I didn’t recognize it at first, because it had changed a lot over the years. But then I saw the man I’d originally thought was Gene when he’d first arrived on set. His name was Neil Sylvester and he was Quinn’s great-great-grandson. He was also as tightly wound and tense now as he’d been when I’d first seen him.

He was sitting at a table in what had long ago been Melody’s kitchen, wearing a silk bathrobe with a green-and-brown paisley print that hung open to reveal his beer belly and a sagging tattoo of a tired-looking dragon on his man-boob.

It was not a pretty sight.

He had a can of beer open on the table in front of him, and he spun it around and around, making patterns with the condensation.

It wasn’t until he spoke that I realized there was another man in the kitchen with him.

“Look, Skip,” he said. “I think it’s time to quit.”

“You really want to spend the rest of your life in jail?” the other man asked, and I realized he was that actor Trace Marcus’s assistant.

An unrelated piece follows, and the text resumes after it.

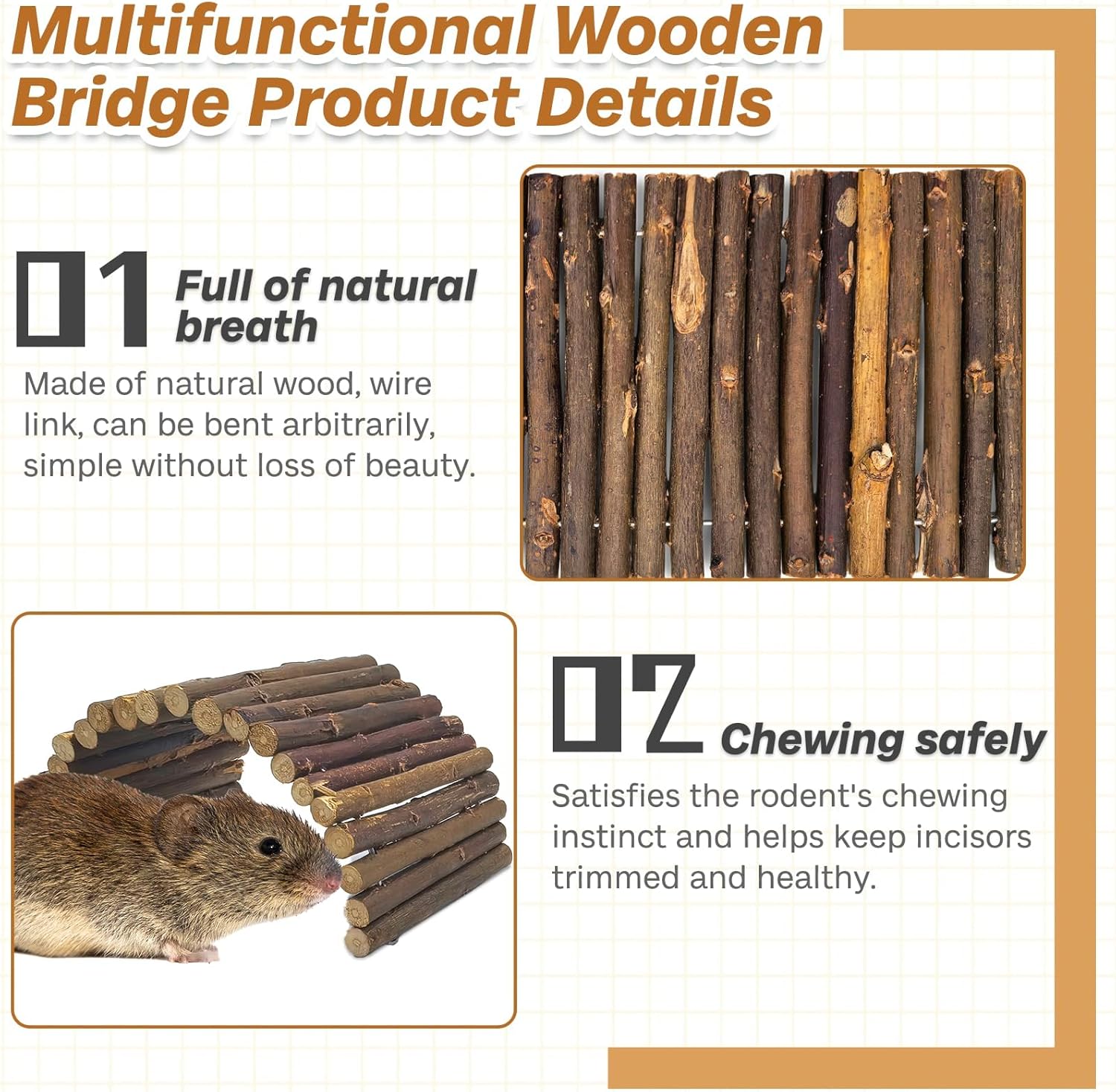 - Versatile Play & Comfort: Perfect for chewing, climbing, and hiding, this wooden bridge doubles as a cozy retreat or interactive toy. Use it as a tunnel, bridge, or ramp to enrich your pet’s habitat with multi-level exploration.

Neil shook his head. “I won’t,” he said. “I borrowed some money—that’s my only crime. I’m not involved—”

“Oh, you are,” Skip said, and his phone rang, interrupting him. He answered it with words that chilled me. “Yeah, this is Loco.”

Skip Smith was
Loco
—the man that tall Brian of the former ponytail had been talking to after Wayne’s murder.

“Good,” he said into his phone, telling Neil, “Brian is following them. They’re heading back to Jubilation. He hasn’t got them yet, but he will. Soon. He’s calling us now because he’s going to turn on the machine, which means he’ll be out of touch, too.”